● Work order
Transcribe the listing exactly; drop the images.

● Stored data
___

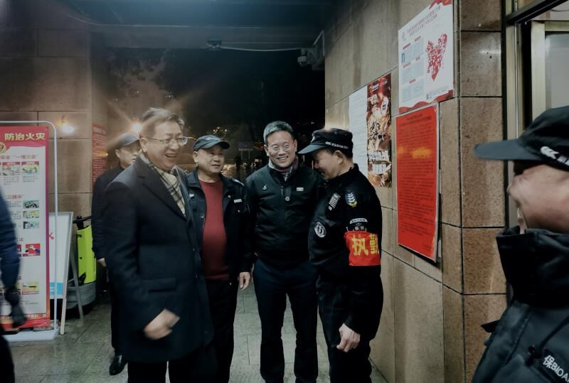 在金盆岭校区保卫楼,付宏渊对值班的保卫干部职工表示亲切的慰问,对保卫部门一年的工作表示肯定,并祝同志们新年快乐。他强调,当前正是新型冠状病毒感染的肺炎疫情防控的关键时期,保卫处要对进出校园的人员车辆进行管控,密切关注新型冠状病毒感染的肺炎疫情防控形势的发展变化,做好突发事件应急预案,提前进行工作培训和演练,把守护师生生命安全和身体健康放在第一位。
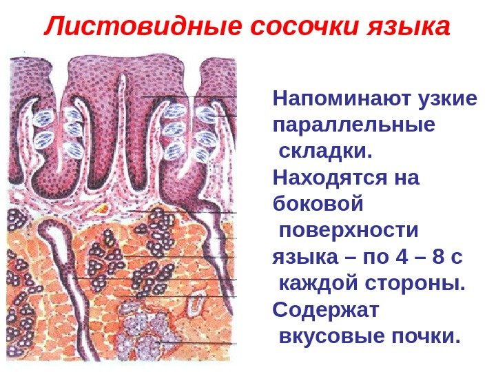 Листовидные сосочки языка Напоминают узкие параллельные складки. Находятся на боковой поверхности языка – по 4 – 8 с каждой стороны. Содержат вкусовые почки.
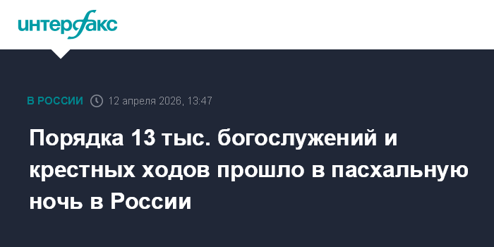 Порядка 13 тыс. богослужений и крестных ходов прошло в пасхальную ночь в России
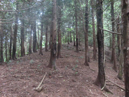 5時過ぎに金沢を出て、宝達志水町上田出の家の納屋からチェーンソーと刈払機を車に積む。7時半前に鵜野屋に到着。安成寺の坊守に予定を伝えた上で、地保集落の裏山に上がりました。白髭神社の鳥居横の小川を越えて竹林を上がる。お墓が複数ありましたが、地震で傷んでいました。墓のそばに地割れがあり、修復が必要ですね。そこからさらに上がって参りましたが、少し上がったところにも地割れがありました。集落の住宅に崩落していくような場所ではない印象です。邪魔な枝をカットしながらゆるやかに上るルートを作ってまいりました。アテ林の手前に大きな地割れがありましたが、集落とは反対側にあります。アテ林は一番高い位置にありますが、残念ながら漏脂病にかかっている木が多い。一度森林組合の方にチェックいただくのがよろしいかと思います。そこから集落側に少し下ったエリアは竹林で、除伐を予定しているエリアには赤いテープが張ってありました。竹林を下りたら集落の真ん中に下りましたが、右側にある林道を上がってみましたが、途中に倒木がたくさんあり、奥に進むことはできませんでした。アテ林に登るためには、橋のたもとから上がるのが良さそうでした。一旦安成寺で着替えて休憩させていただき、富来へ昼食を食べに出る。午後は、和田の西浦さんのところに立ち寄り、相談。再度鵜野屋に行き、今度は安成寺の裏山の上流側の山裾を先日草を刈った先に進む。チェーンソーを使って倒れていた木を2本切り、通りやすくして、登りやすくする。さすがに疲れてきたので、早めに作業を終えて、安成寺で再度着替えて、金沢に戻リ始めたところで、電話があり、急遽能登事務所へ。穴水のホームセンターで物干し台を購入し、能登事務所2階に設置。洗濯したシーツ類を干して戻る。 | ![]() 地保の裏山のアテ林 |

___

● Result of this task
 在金盆岭校区保卫楼,付宏渊对值班的保卫干部职工表示亲切的慰问,对保卫部门一年的工作表示肯定,并祝同志们新年快乐。他强调,当前正是新型冠状病毒感染的肺炎疫情防控的关键时期,保卫处要对进出校园的人员车辆进行管控,密切关注新型冠状病毒感染的肺炎疫情防控形势的发展变化,做好突发事件应急预案,提前进行工作培训和演练,把守护师生生命安全和身体健康放在第一位。
 Листовидные сосочки языка Напоминают узкие параллельные складки. Находятся на боковой поверхности языка – по 4 – 8 с каждой стороны. Содержат вкусовые почки.
 Порядка 13 тыс. богослужений и крестных ходов прошло в пасхальную ночь в России
 5時過ぎに金沢を出て、宝達志水町上田出の家の納屋からチェーンソーと刈払機を車に積む。7時半前に鵜野屋に到着。安成寺の坊守に予定を伝えた上で、地保集落の裏山に上がりました。白髭神社の鳥居横の小川を越えて竹林を上がる。お墓が複数ありましたが、地震で傷んでいました。墓のそばに地割れがあり、修復が必要ですね。そこからさらに上がって参りましたが、少し上がったところにも地割れがありました。集落の住宅に崩落していくような場所ではない印象です。邪魔な枝をカットしながらゆるやかに上るルートを作ってまいりました。アテ林の手前に大きな地割れがありましたが、集落とは反対側にあります。アテ林は一番高い位置にありますが、残念ながら漏脂病にかかっている木が多い。一度森林組合の方にチェックいただくのがよろしいかと思います。そこから集落側に少し下ったエリアは竹林で、除伐を予定しているエリアには赤いテープが張ってありました。竹林を下りたら集落の真ん中に下りましたが、右側にある林道を上がってみましたが、途中に倒木がたくさんあり、奥に進むことはできませんでした。アテ林に登るためには、橋のたもとから上がるのが良さそうでした。一旦安成寺で着替えて休憩させていただき、富来へ昼食を食べに出る。午後は、和田の西浦さんのところに立ち寄り、相談。再度鵜野屋に行き、今度は安成寺の裏山の上流側の山裾を先日草を刈った先に進む。チェーンソーを使って倒れていた木を2本切り、通りやすくして、登りやすくする。さすがに疲れてきたので、早めに作業を終えて、安成寺で再度着替えて、金沢に戻リ始めたところで、電話があり、急遽能登事務所へ。穴水のホームセンターで物干し台を購入し、能登事務所2階に設置。洗濯したシーツ類を干して戻る。 | ![]() 地保の裏山のアテ林 |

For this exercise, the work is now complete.